# Instructions to follow
Return exactly the lines below, starting with the one that has "La versione gratuita" and going on through the one that has "EVIL PET can".

# Listed entries
- Opening Delimiter -

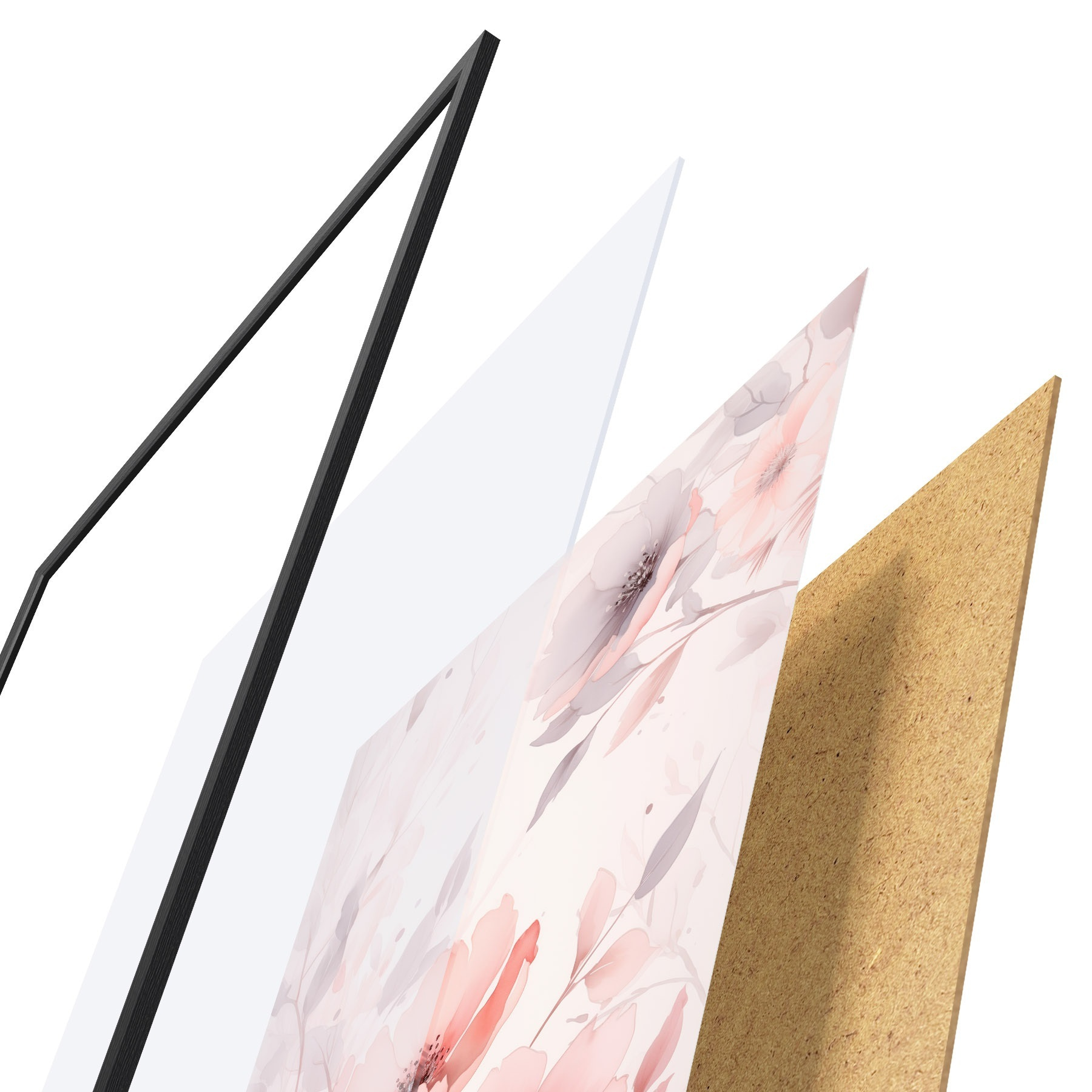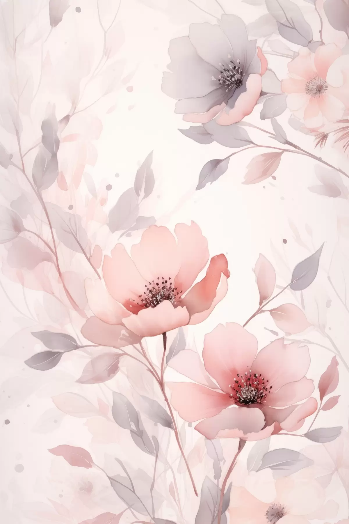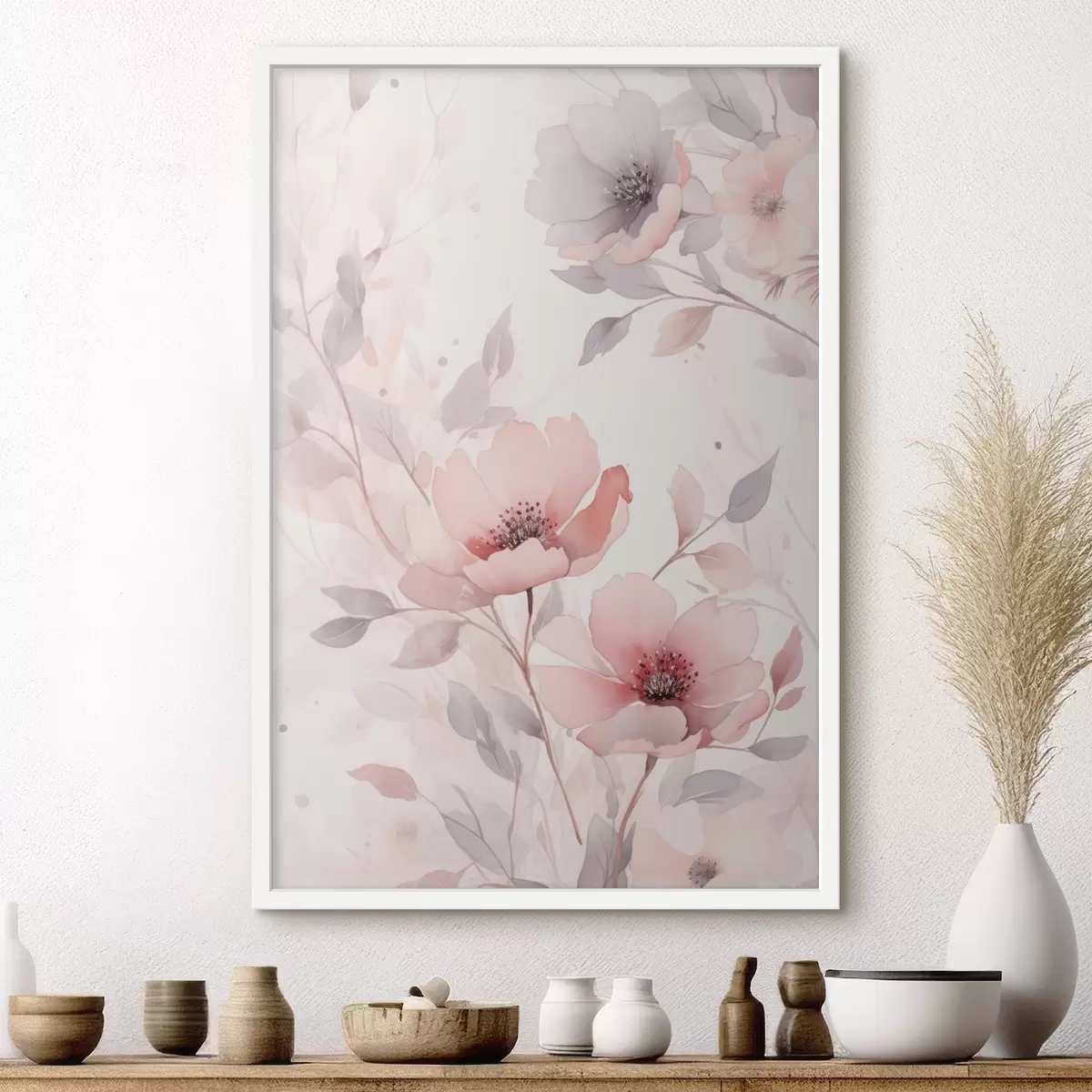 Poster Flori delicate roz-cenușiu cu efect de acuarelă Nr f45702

- Closing Delimiter -
- Opening Delimiter -

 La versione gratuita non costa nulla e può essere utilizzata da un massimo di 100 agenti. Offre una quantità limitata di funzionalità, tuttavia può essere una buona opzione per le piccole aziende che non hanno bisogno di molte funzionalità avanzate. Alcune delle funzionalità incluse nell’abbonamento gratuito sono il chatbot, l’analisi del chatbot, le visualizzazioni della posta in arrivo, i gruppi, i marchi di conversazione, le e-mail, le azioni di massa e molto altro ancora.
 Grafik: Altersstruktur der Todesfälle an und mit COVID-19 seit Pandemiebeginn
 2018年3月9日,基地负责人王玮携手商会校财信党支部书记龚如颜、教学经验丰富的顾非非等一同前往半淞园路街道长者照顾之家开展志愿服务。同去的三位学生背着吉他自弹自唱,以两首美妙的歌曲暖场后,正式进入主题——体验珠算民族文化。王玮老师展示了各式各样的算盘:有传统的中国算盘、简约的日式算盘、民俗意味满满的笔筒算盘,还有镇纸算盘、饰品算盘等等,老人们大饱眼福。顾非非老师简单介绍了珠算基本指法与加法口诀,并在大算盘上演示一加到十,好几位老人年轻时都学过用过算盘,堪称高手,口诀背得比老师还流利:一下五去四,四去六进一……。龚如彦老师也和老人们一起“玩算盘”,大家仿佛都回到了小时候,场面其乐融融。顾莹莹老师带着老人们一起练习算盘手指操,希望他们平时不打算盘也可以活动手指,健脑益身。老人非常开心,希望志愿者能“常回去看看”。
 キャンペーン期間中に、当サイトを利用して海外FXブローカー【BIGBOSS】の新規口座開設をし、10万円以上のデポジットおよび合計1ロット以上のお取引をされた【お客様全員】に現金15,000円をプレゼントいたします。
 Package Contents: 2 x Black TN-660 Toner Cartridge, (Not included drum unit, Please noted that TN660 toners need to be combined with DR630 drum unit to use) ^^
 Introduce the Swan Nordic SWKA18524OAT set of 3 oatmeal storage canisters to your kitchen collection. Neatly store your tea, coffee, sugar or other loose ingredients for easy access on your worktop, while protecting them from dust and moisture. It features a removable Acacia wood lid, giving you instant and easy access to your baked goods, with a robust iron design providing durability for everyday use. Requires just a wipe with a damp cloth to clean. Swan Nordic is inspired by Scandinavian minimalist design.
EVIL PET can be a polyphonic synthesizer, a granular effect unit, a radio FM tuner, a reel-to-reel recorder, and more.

- Closing Delimiter -

# Solution to the problem
 La versione gratuita non costa nulla e può essere utilizzata da un massimo di 100 agenti. Offre una quantità limitata di funzionalità, tuttavia può essere una buona opzione per le piccole aziende che non hanno bisogno di molte funzionalità avanzate. Alcune delle funzionalità incluse nell’abbonamento gratuito sono il chatbot, l’analisi del chatbot, le visualizzazioni della posta in arrivo, i gruppi, i marchi di conversazione, le e-mail, le azioni di massa e molto altro ancora.
 Grafik: Altersstruktur der Todesfälle an und mit COVID-19 seit Pandemiebeginn
 2018年3月9日,基地负责人王玮携手商会校财信党支部书记龚如颜、教学经验丰富的顾非非等一同前往半淞园路街道长者照顾之家开展志愿服务。同去的三位学生背着吉他自弹自唱,以两首美妙的歌曲暖场后,正式进入主题——体验珠算民族文化。王玮老师展示了各式各样的算盘:有传统的中国算盘、简约的日式算盘、民俗意味满满的笔筒算盘,还有镇纸算盘、饰品算盘等等,老人们大饱眼福。顾非非老师简单介绍了珠算基本指法与加法口诀,并在大算盘上演示一加到十,好几位老人年轻时都学过用过算盘,堪称高手,口诀背得比老师还流利:一下五去四,四去六进一……。龚如彦老师也和老人们一起“玩算盘”,大家仿佛都回到了小时候,场面其乐融融。顾莹莹老师带着老人们一起练习算盘手指操,希望他们平时不打算盘也可以活动手指,健脑益身。老人非常开心,希望志愿者能“常回去看看”。
 キャンペーン期間中に、当サイトを利用して海外FXブローカー【BIGBOSS】の新規口座開設をし、10万円以上のデポジットおよび合計1ロット以上のお取引をされた【お客様全員】に現金15,000円をプレゼントいたします。
 Package Contents: 2 x Black TN-660 Toner Cartridge, (Not included drum unit, Please noted that TN660 toners need to be combined with DR630 drum unit to use) ^^
 Introduce the Swan Nordic SWKA18524OAT set of 3 oatmeal storage canisters to your kitchen collection. Neatly store your tea, coffee, sugar or other loose ingredients for easy access on your worktop, while protecting them from dust and moisture. It features a removable Acacia wood lid, giving you instant and easy access to your baked goods, with a robust iron design providing durability for everyday use. Requires just a wipe with a damp cloth to clean. Swan Nordic is inspired by Scandinavian minimalist design.
EVIL PET can be a polyphonic synthesizer, a granular effect unit, a radio FM tuner, a reel-to-reel recorder, and more.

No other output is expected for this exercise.